Desiderata
- Author: Lizzy Mercier Descloux
- Translator: Emma Ramadan (2022 and 2025 editions)
- Illustrator: Lizzy Mercier Descloux (with contributions by Patti Smith and Richard Hell)
- Language: French (1977); French and English (2022); English (2025)
- Genre: Poetry, artist's book
- Publisher: Self-published (1977); Inpatient Press (2022); Inpatient Press / Mercurial Editions, distributed by Penguin Random House and MIT Press (2025)
- Publication date: 1977
- Publication place: France (1st edition); United States (reissues)
- Published in English: 2022
- Media type: Paperback chapbook
- Pages: 114 (2022 edition)
- ISBN: 978-1-965874-08-0

= Desiderata (Mercier Descloux book) =

Artist's book by Lizzy Mercier Descloux

Desiderata is an artist's book by the French musician and singer-songwriter Lizzy Mercier Descloux, originally self-published in Paris in 1977 and reissued in facsimile with an English translation in 2022 and again, in an expanded edition with a foreword by Patti Smith, in 2025. The book contains twenty-five poems Mercier Descloux wrote during her first trip to New York City in the winter of 1975, interleaved with drawings, collages, handwritten notes, and photographs.

== Background ==

Mercier Descloux, then in her late teens, travelled to New York in the winter of 1975 with her partner Michel Esteban, the future co-founder of ZE Records. Through Esteban's bookshop and music outlets in Les Halles she had already become acquainted with Patti Smith and Richard Hell. In New York she stayed at Smith's apartment on Lafayette Street, where she wrote much of the material that would appear in Desiderata. Returning to Paris in 1977, she compiled the book with editorial assistance from Esteban; Smith contributed a French-language preface and Hell provided additional material. The original print run was approximately 1,000 copies, distributed largely through Esteban's Harry Cover boutique and through Mercier Descloux's personal network rather than ordinary bookstore channels.

== Contents ==

The book interleaves twenty-five poems with the author's drawings, collages, handwritten notes and photographs. The poems are short, fragmentary, and structurally indebted to Arthur Rimbaud and the Comte de Lautréamont, whose portrait appears in the book. Titles include "One Fifth", "Hudson River", "Siberian", "Earwig", "Let Me Go Perish", "ANTIMACASSAR", "Eva with the Compliments of the Air Force", "Isadora Duncan Pallet", "Meat", "From Breme", and "Slipped Disc," as well as untitled poems and fragments. Among the photographs is a portrait of Mercier Descloux and Patti Smith dressed as Arthur Rimbaud and his sister Isabelle.

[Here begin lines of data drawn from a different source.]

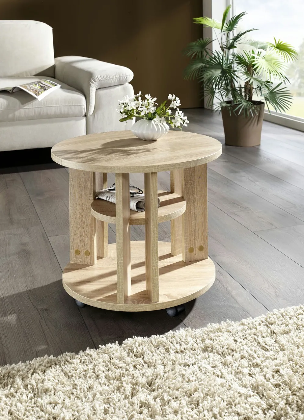 Couchtisch mit 2 Ablageflächen und 4 Rollen in den Maßen ø 50 und in Eiche.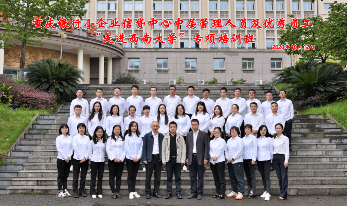 2023年10月12日上午,由重庆银行小企业信贷中心主办、304永利集团高层培训中心承办的“重庆银行小企业信贷中心中层管理人员及优秀员工‘走进304永利集团’专项培训班”在公司A402教室顺利开班。重庆银行小企业信贷中心总经理蒋鹏鹏、专员蒲金刚、304永利集团副经理黄庆华教授、高层培训中心主任苟佳欢,以及培训班学员共计40余人出席开班仪式。开班仪式由公司高层培训中心主任苟佳欢主持。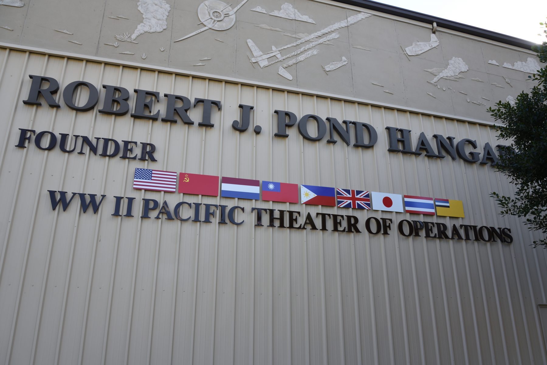 其中以博物館創辦人龐德(Robert J. Pond)命名的太平洋戰爭館,就在建築物外擺上了美國、蘇聯、荷蘭、中國、菲律賓、英國、日本、泰國與滿洲國等九個參戰國國旗,前六個為同盟國,後三個為軸心國,包括日軍扶持的傀儡政權滿洲國。二戰時代表中國參加反法西斯戰爭的為國民政府,所以這裡呈現的中國國旗理所當然是青天白日滿地紅。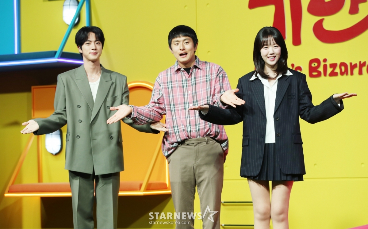 연예방송진-기안84-지예은 '기안장으로 오세요'[★포토]발행 : 2025.04.15 ・ 11:24김휘선 기자그룹 방탄소년단(BTS) 진, 방송인 기안84, 배우 지예은이 15일 오전 서울 종로구 JW매리어트 동대문에서 열린 넷플릭스 시리즈 새 예능 '대환장 기안장' 기자간담회에서 포즈를 취하고 있다. /2025.04.15<저작권자 © 스타뉴스, 무단전재 및 재배포 금지>지예안장방탄소년단서울종로구매리어트추천 기사김휘선 기자기자홈좋아요 연예-방송의 인기 급상승 뉴스연예-방송의 최신 뉴스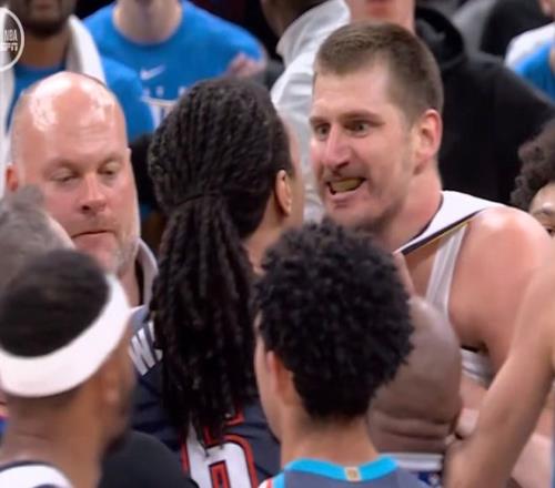 穆雷三分止血后,約基奇打板拋投,霍姆格倫連續(xù)吃餅暴扣,約基奇今天可沒罰球,還是亞歷山大“強(qiáng)”。兩隊(duì)維持8分左右陷入拉鋸戰(zhàn),中段約基奇和亞歷山大對飆,約基奇帶隊(duì)拉開10分分差。后半段穆雷再中三分,亞歷山大連續(xù)單打,三節(jié)打完時(shí),雷霆追到77-83。決戰(zhàn)第四節(jié),雷霆這邊下三分雨,多特和杰林多點(diǎn)開花,一波11-2反超掘金。此時(shí)發(fā)生意外:多特發(fā)力直接撞翻約基奇,約基奇在第四翻滾幾圈后,起身暴怒,準(zhǔn)備和多特打架。杰林沖上來撕扯約基奇球衣,約基奇又和雷霆球員扭打到一起,場面陷入混亂!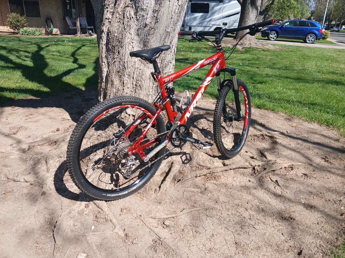 Vintage 2004 Giant NRS 2, 26" full suspension Mountain bike. Has all new sprockets front and rear, ceramic coated rims, new tires, new spike pedals, specialized handlebars , new grips. Very well taken care of.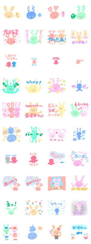 お耳が特徴のカラフルなうさぎと、まるくて小さなたこを題材にしたスタンプです。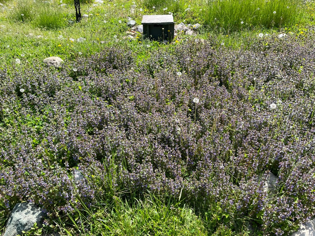 This is a seven-circuit classical labyrinth in a large field at the Orchard Hill Center. The path is simply grass, and the walls are various rocks; I would guess they were found locally. The labyrinth was kind of a mess the day I walked it, though. The field around it was mown, so somebody was responsible for caretaking. But the labyrinth was unkempt. Weeds and wildflowers grew wild in it. Loads of dandelions, crab grass, and more. It took me a few moments to find the entrance, because a huge section was covered with a purple-grey-flowered ground cover.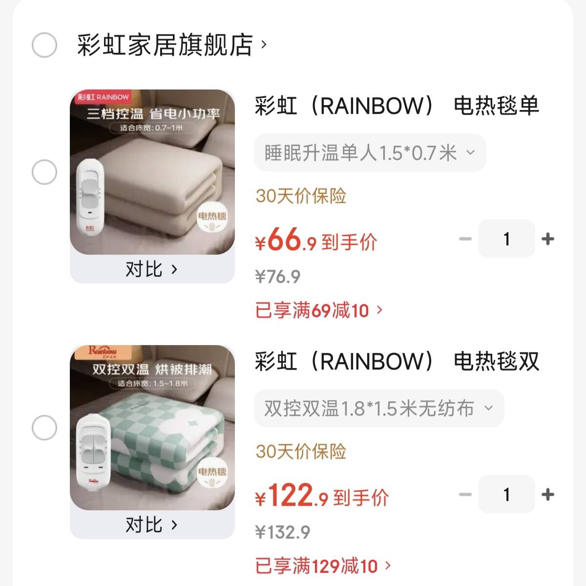 彩虹电热毯 单人三挡1.5*0.7米66元.9 双人双控1.8*1.5米122元.9好单发报员2025年12月16日 14:360举报 彩虹电热毯单人三挡1.5*0.7米66元.9https://u.jd.com/Z6f82CU双人双控1.8*1.5米122元.9https://u.jd.com/ZOjmIp2复制文案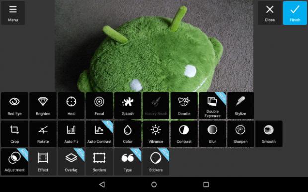 So sánh với Photoshop Express, Aviary từng trông đơn giản hơn. Nhưng giờ thì đã khác, giao diện cũng có những chi tiết xám và trắng như các sản phẩm khác của Adobe. Aviary vẫn là một ứng dụng mạnh. Bạn có thể thêm các hiệu ứng bộ lọc, chọn kiểu khung cho ảnh, hay gắn thêm các sticker. Ứng dụng này là công cụ cực kỳ thích hợp cho ai thích tạo “meme” (ảnh chế Internet)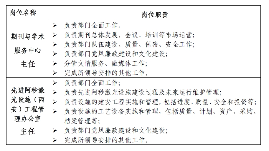 中国科学院西安光机所支撑部门负责人招聘启事正文根据工作需要,经所务会研究,现决定面向西安分院系统单位和本所正式在册职工,招聘期刊与学术服务中心和先进阿秒激光设施(西安)工程管理办公室主任。现将招聘岗位、任职基本条件与资格和应聘程序通知如下。
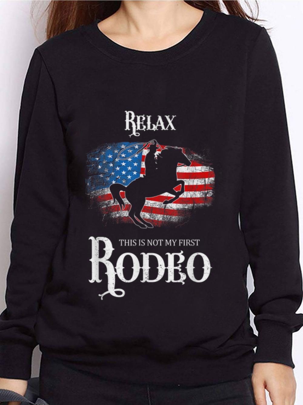 Best price Relax Not My First Rodeo Horse Riding American Flag shirt, Hoodie, Sweater, Longsleeve T-Shirt For Men and Women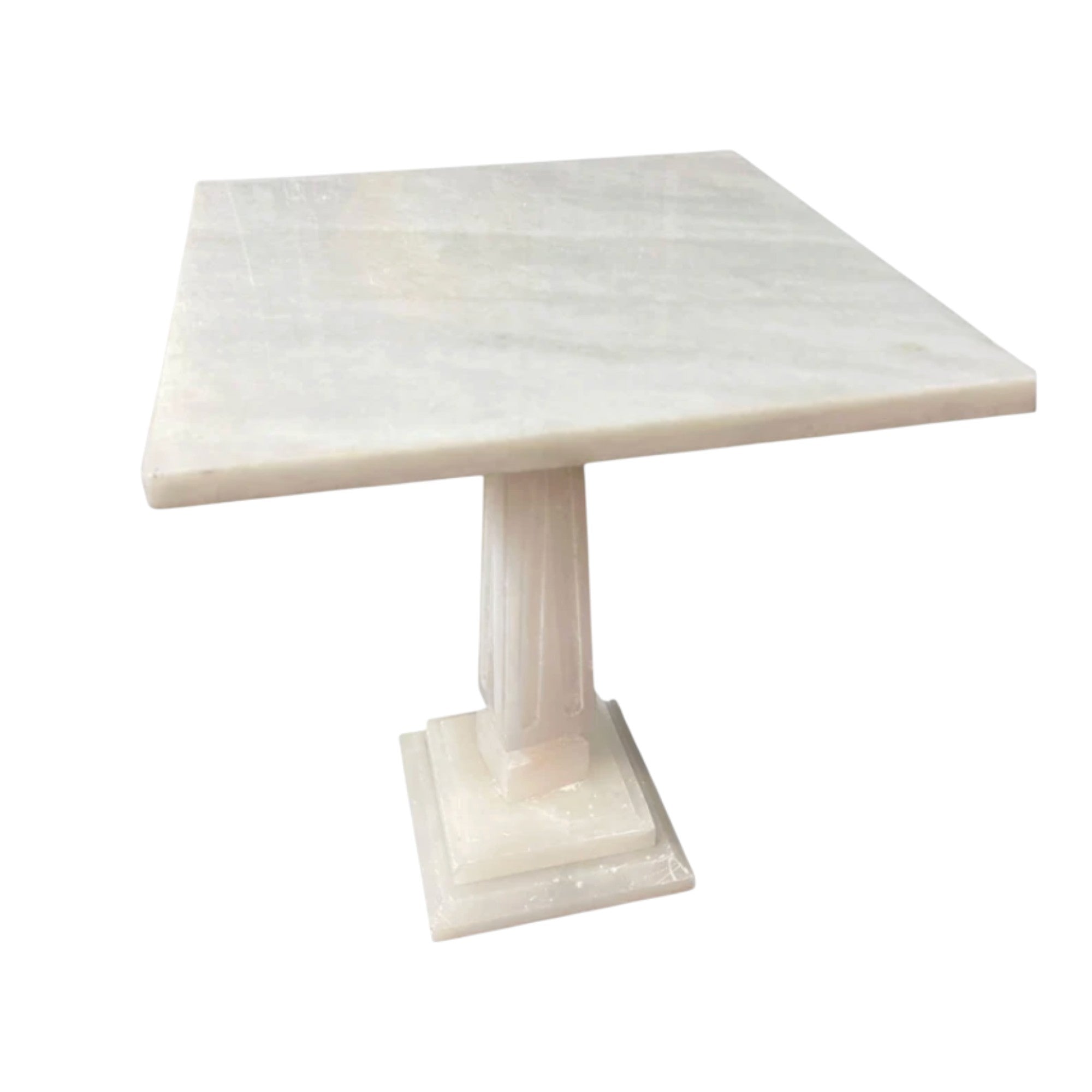 A striking vintage alabastor pedestal table featuring a square onyx top set on a fluted pedestal base with stepped plinth detailing. Finished with a decorative brass collar beneath the tabletop, this piece has a refined, sculptural presence and a timeless mid-century elegance.

Smith's preface, addressed ostensibly to the filmmaker Robert Bresson, doubles as a critique of Abstract Expressionist machismo, recasting Jackson Pollock and Willem de Kooning as figures of violence.

== Publication history ==

Desiderata was self-published in Paris in 1977 in an edition of approximately 1,000 copies. No formal dépôt légal appears to have been registered; the Bibliothèque nationale de France does not list the chapbook among its holdings under its authority record for the author.

In 2022 the New York–based small press Inpatient Press published a facsimile of the 1977 chapbook in a 114-page softcover tête-bêche edition, with a new English translation by Emma Ramadan bound back-to-back with the French original. In 2025 Inpatient Press and Mercurial Editions issued an expanded edition (ISBN 978-1-965874-08-0) with a new foreword by Patti Smith, distributed in the United States by Penguin Random House and the MIT Press.

== Reception ==

The 2022 facsimile was reviewed at length by Patrick Lyons in BOMB, who placed the book in dialogue with Rimbaud and Lautréamont, examined Ramadan's translation choices, and read the book's visual-poetic juxtapositions as anticipating Mercier Descloux's later musical work. A selection of poems from the new translation appeared in the literary magazine Fence.

The 2025 expanded edition was reviewed in The Brooklyn Rail, which framed the book against the downtown New York poetic culture of the 1970s, analysed individual page-spreads in detail, and described Mercier Descloux as a peer of Lee Krasner and Elaine de Kooning in her articulation of a feminine voice against a male-dominated artistic milieu.

The chapbook is discussed in passing in Simon Clair's biography Lizzy Mercier Descloux, une éclipse (Playlist Society, 2019), and Mercier Descloux's New York correspondence from the period, including letters describing the book's composition, was published in 2023 as Don't Take Care of Yourself: Lettres à Christine 1974–1983 (Isti Mirant Stella).